I had an interview for a call centre the other day and apparently flexible is not what I thought it meant. I’m learning the hard way like someone advised it’s what you can do not what you can’t do as regards talents and non working hours. I just hope I don’t have to give up bookclub
On the same note, I also hate the fact that the computer is deciding my fate. Lately I keep getting this back:
‘Unfortunately, you did not meet the required benchmark at the initial screening stage for this role. We therefore regret to inform you that we won’t be taking your application any further.’
All I seem to hear is ‘computer says no’. So I’m going to have to take a different tactic and try focusing on activities rather than the education and work or a mixture of all three. I’ve perhaps not got a personal statement that has the wow factor.
So while I work through this here’s some food for thought:
‘No matter how far you have gone on the wrong road, turn back.”
It doesn’t matter how much time, money or energy you’ve already invested in the path you’ve chosen – it’s never too late to change direction.
Feeling stuck or unhappy? You can change that! Too many people believe themselves to be too ‘far gone’, too ‘old’ or even too ‘successful’ to choose a different, more joyful path for themselves. But this is never the case.

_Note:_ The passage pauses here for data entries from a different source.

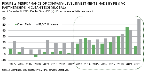 Performance reflects gross deal level returns from 2006 to 2011. These investments comprise all company-level investments made by private equity and venture capital partnerships assessed as eligible for the CA Climate Solutions Company Performance Statistics during these vintage years. Comparative PE & VC benchmark includes Global CA VC & PE benchmarks. As of December 31, 2021, Cambridge Associates (CA) screened over 111,000 investments held by over 8,900 funds to identify clean tech investments. CA includes companies and projects in the clean tech sector if they (1) develop non-fossil fuel energy sources, (2) promote industrial efficiency by conserving resources and replacing existing processes with less-polluting alternatives, (3) recycle waste efficiently, or (4) provide a product or service that creates an environmental improvement.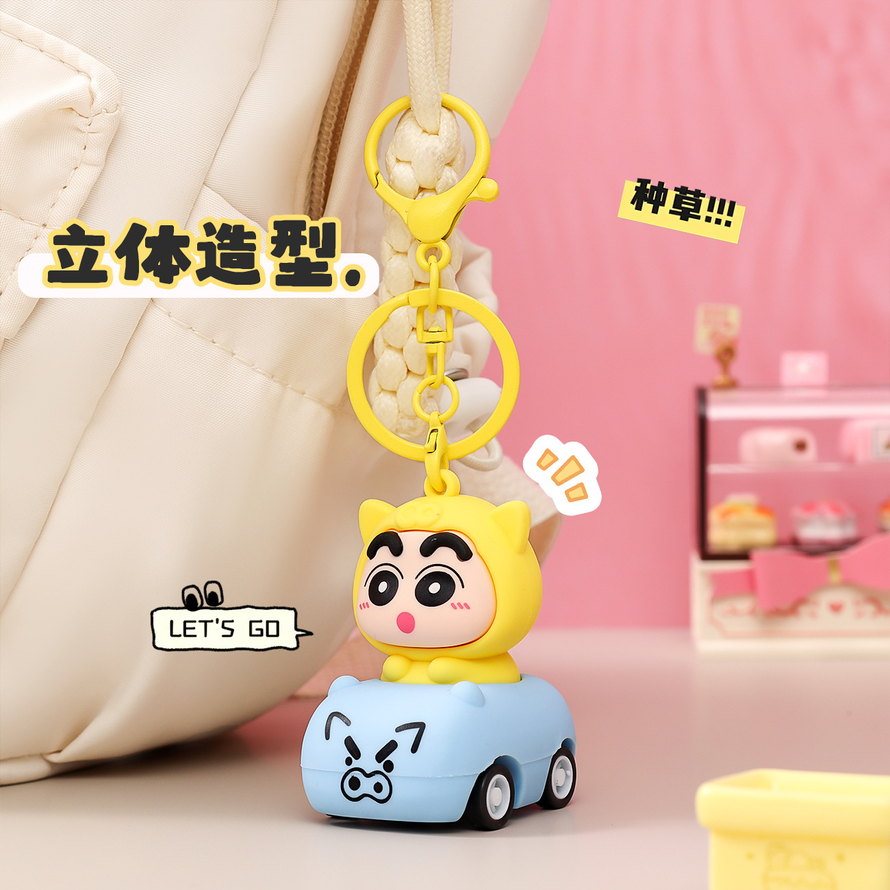 Phim hoạt hình hoạt hình hoạt hình Mới Nhỏ kéo lại Xe móc Khóa Sáng Tạo ba chiều búp bê học sinh cặp sách Mặt dây chuyền nhỏ gian hàng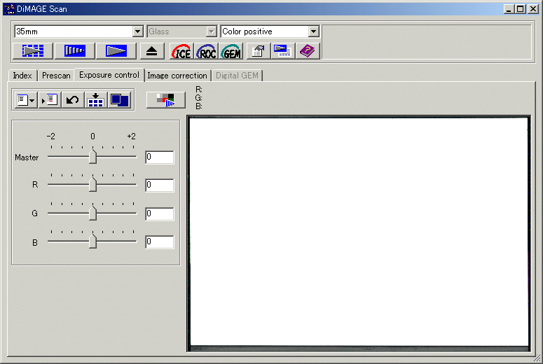 * DiMAGE Scan Elite II does not support IEEE1394 "FireWire" for OS X. (USB can be used for OS X) - Exposure adjustment function - Manual exposure enables users to adjust the exposure by R, G, B channel. Its compensation value can then be saved and recalled for later use.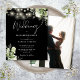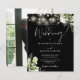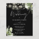 Esta elegante invitación a bodas blancas y negras, con luces de cuerdas de bonito y vegetación floral, se puede personalizar con tu información en la tipografía de moda con tu foto especial al revés. Diseñado por Thisisnotme©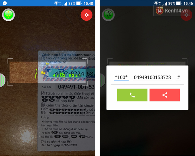 Được phát triển bởi một lập trình viên người Việt, ứng dụng Card Scan này giúp người dùng nạp thẻ bằng cách scan mã số rồi tự động nhập các con số vào và ghép vào cú pháp hoàn chỉnh với nhà mạng để nạp tiền cho bạn. Chẳng hạn như bình thường bạn phải nhập *101*mã số# thì nay các công đoạn này sẽ được Card Scan làm giúp. Việc còn lại là bạn chỉ cần nhấn vào nút Gọi để lệnh được thực hiện.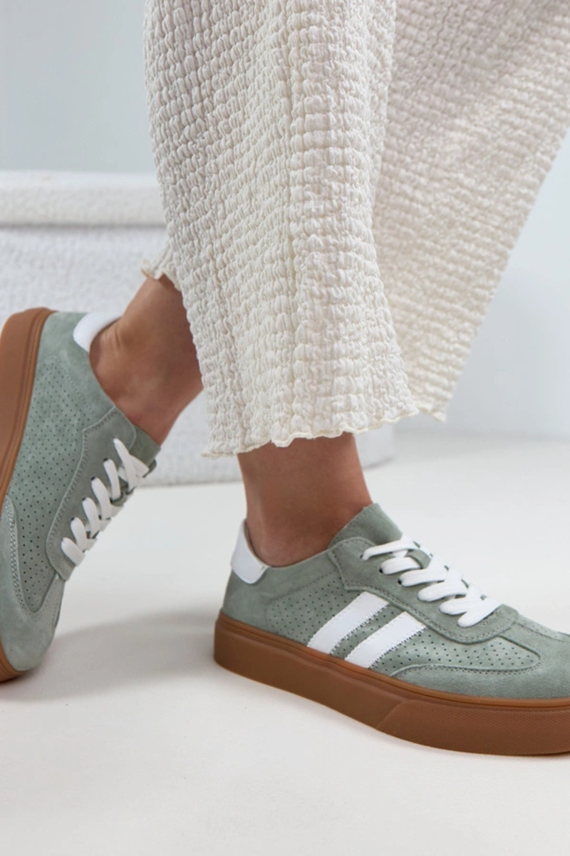 Zielone Skórzane Sneakersy Na Platformie Cambell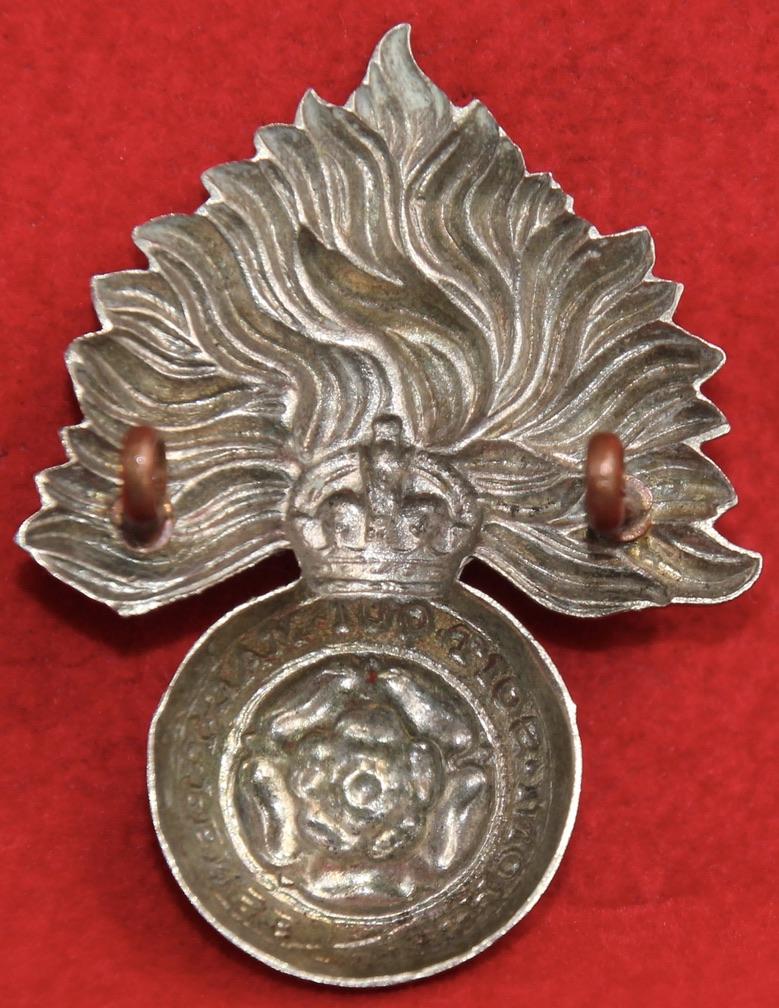 A white metal cap badge for a volunteer/militia battalion of The Royal Fusiliers (City of London Regiment) with two lug fastenings (east and west). KK596.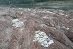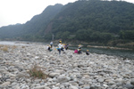 岐阜県鵜沼の木曽川河床のようすです。美濃帯のチャート層のうえに、

Each day and each moment is a clean slate. Forget what’s come before and don’t waste time worrying about what’s to come – it’s the HERE and NOW that’s important.
So ask yourself – if everything leading to this moment was wiped clean, would I still want to be where I am right now? If the answer is no, you know what you have to do.
Be brave; take each day as a fresh start and do what needs to be done to make you happy NOW.’